This is a qui tam action in which the United States of America declined to intervene. Relators allege that, from approximately early 2010 to mid-2014, LabCorp's in-office phlebotomists ("IOPs"), who are blood draw and processing technicians employed by LabCorp and stationed by LabCorp inside doctors' offices, drew blood from patients at the doctors' request and with knowledge that the doctors were receiving illegal kickbacks (referred to as processing and handling fees, or "P&H fees") from third-parties Health Diagnostic Laboratory and Singulex, Inc. (collectively, "HDL/S") in exchange for the doctors referring the blood that the IOP had drawn to be tested by HDL/S. Relators claim that LabCorp's was aware that the doctors were receiving kickbacks from HDL/S, as evidenced by, among other things, LabCorp' s 2013 and 2014 anonymous requests for Special Fraud Alerts from the Office of Inspector General ("OIG") on HDL's P&H payments. HDL/S billed the federal government for those lab tests under the patients' Medicare Part B coverage, which Relators allege were tainted by the kickback and therefore in violation of the Anti-Kickback Statute ("AKS"). Relators further allege that LabCorp drew blood to be tested by HDL/S if the doctors also referred blood to be tested by LabCorp. LabCorp then itself billed the federal government for that test, even though it had induced the referral and provided the blood test at no charge to the doctor. Although, in at least one region of LabCorp's business, LabCorp requested the doctors pay a $5 blood draw fee. A blood draw for testing at two labs was done via a single venipuncture to the patient, referred to by LabCorp as a "courtesy draw" because the patient was spared from two venipunctures for two tests. (Dkt. No. 50.)

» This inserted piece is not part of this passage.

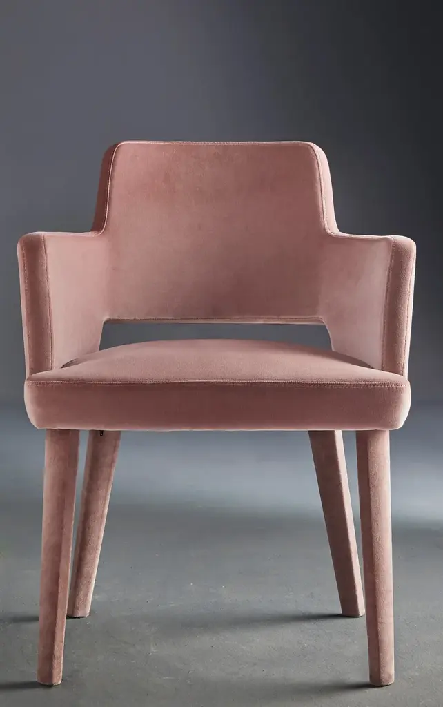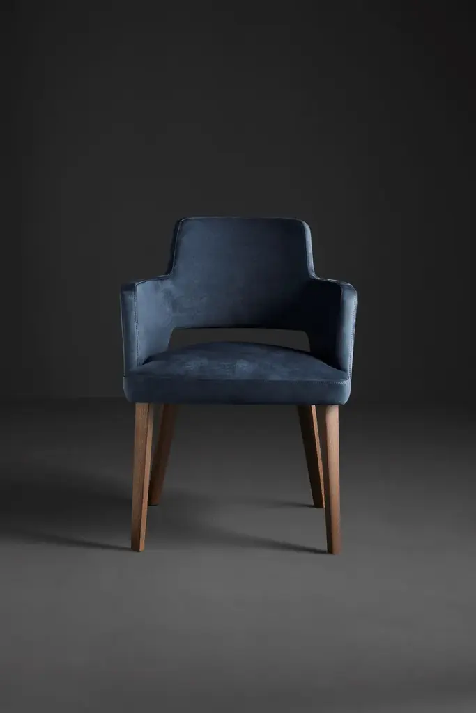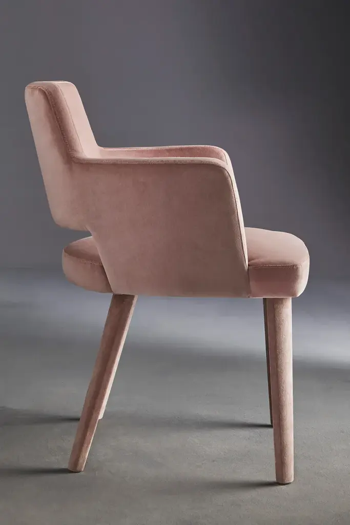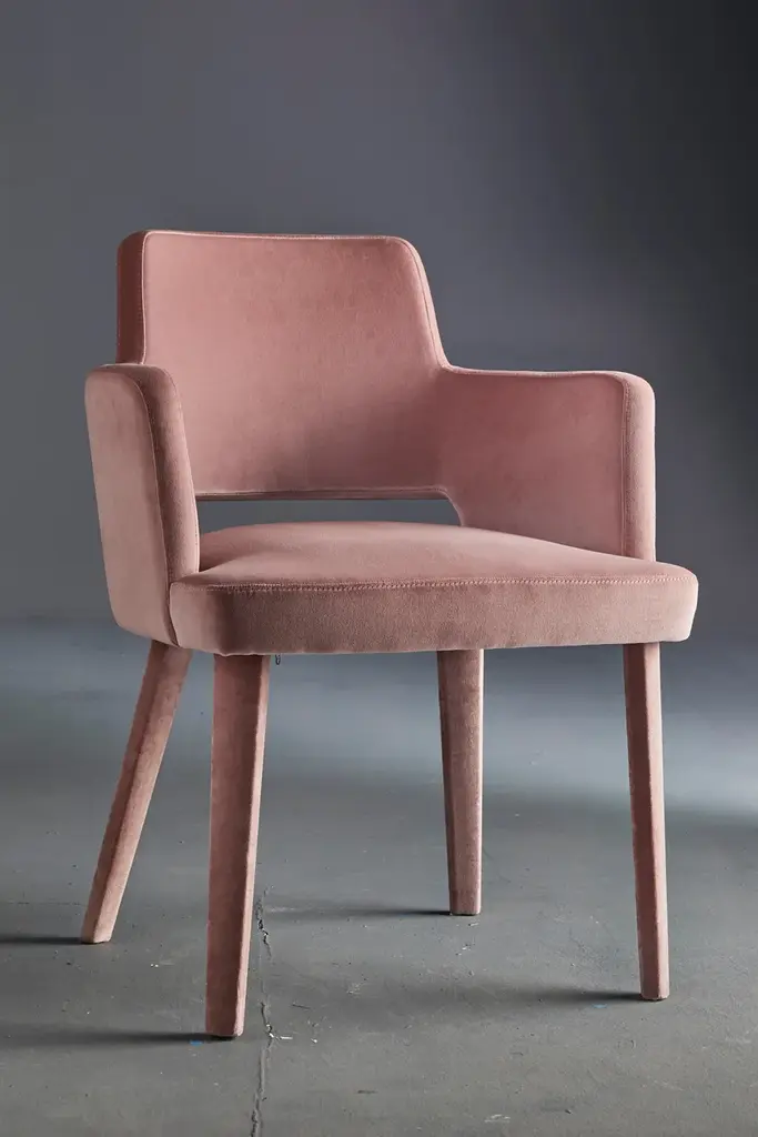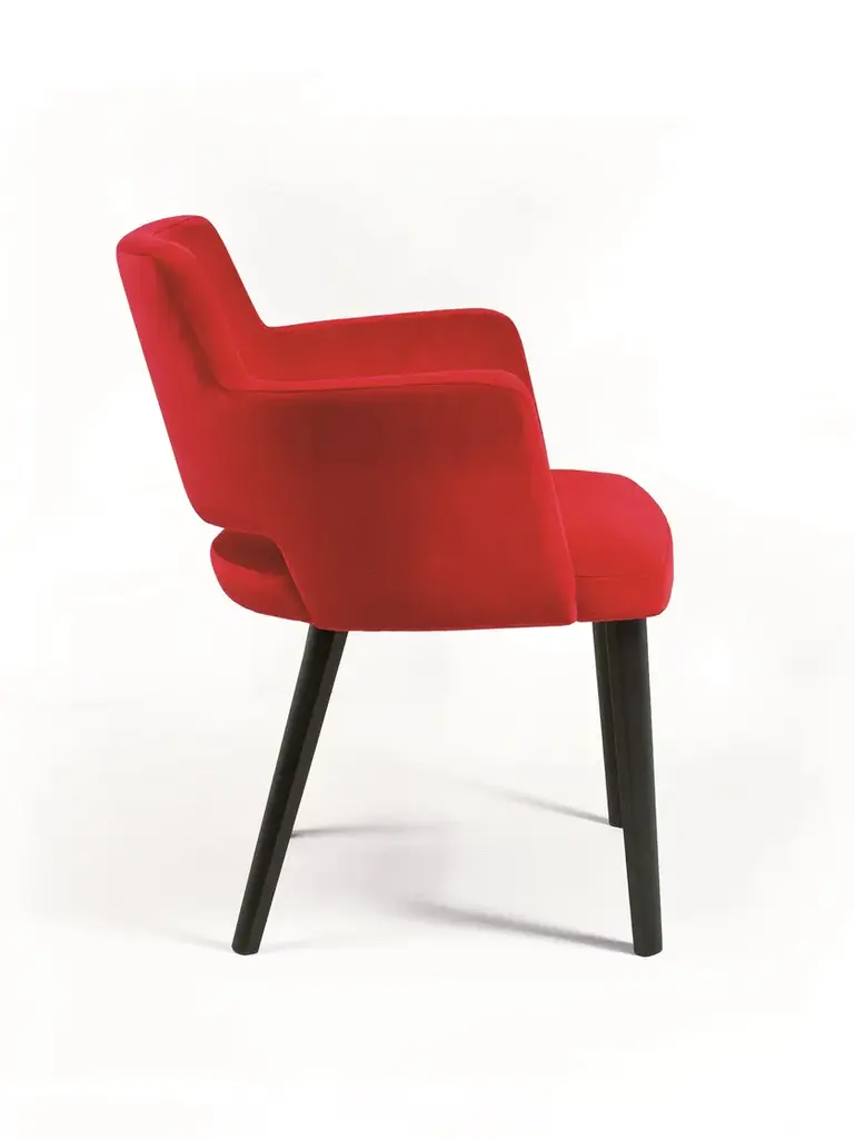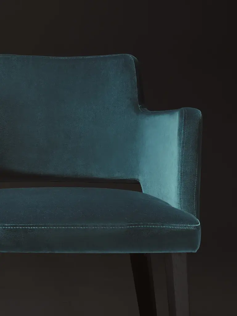 Grace.p is an armchair with natural or lacquered oak wood frame with seat and back padded and upholstered with fabric, artificial leather or real leather. Grace.p is entirely upholstered in its Lux version.The sumptuous reference to contemporary elegance. Grace armchair and chair, with their appeal and attention to detail of their workings, are the ideal proposal for private and collective environments of class and elegance.

LabCorp previously moved to dismiss the portions of every claim predicated on allegedly medically unnecessary tests, as well as Count II for reverse false claims, Count III for violation of California law, and Count IV for violation of Illinois law. LabCorp did not move to dismiss the portions of claims predicated on violation of the AKS. The Court granted in part and denied in part LabCorp's motion, dismissing the portions of each claim predicated on medically unnecessary tests, as well as dismissing Count II, Count III and Count IV. (Dkt. No. 72.) The remaining claim is Count I, under which Relators allege that LabCorp violated the FCA in three ways: (1) knowingly causing HDL/S's false claims to be presented, § 3729(a)(1)(A); (2) knowingly presenting its own false claims, § 3729(a)(1)(A); and (3) conspiring with HDL/S to knowingly cause HDL/S to present false claims or to present its own false claims, § 3729(a)(1)(C). (Dkt. No. 50 ¶¶ 582-588.)1
Summary judgment is appropriate if a party "shows that there is no genuine dispute as to any material fact" and the movant is entitled to judgment as a matter of law. Fed. R. Civ. P. 56(a). A dispute is "genuine" if the evidence offered is such that a reasonable jury might return a verdict for the non-movant. See Anderson v. Liberty Lobby, Inc., 477 U.S. 242, 248 (1986). A fact is "material" if proof of its existence or non-existence would affect disposition of the case under applicable law. See id. Therefore, summary judgment should be granted "only when it is clear that there is no dispute concerning either the facts of the controversy or the inferences to be drawn from those facts." Pulliam Inv. Co. v. Cameo Props., 810 F.2d 1282, 1286 (4th Cir. 1987).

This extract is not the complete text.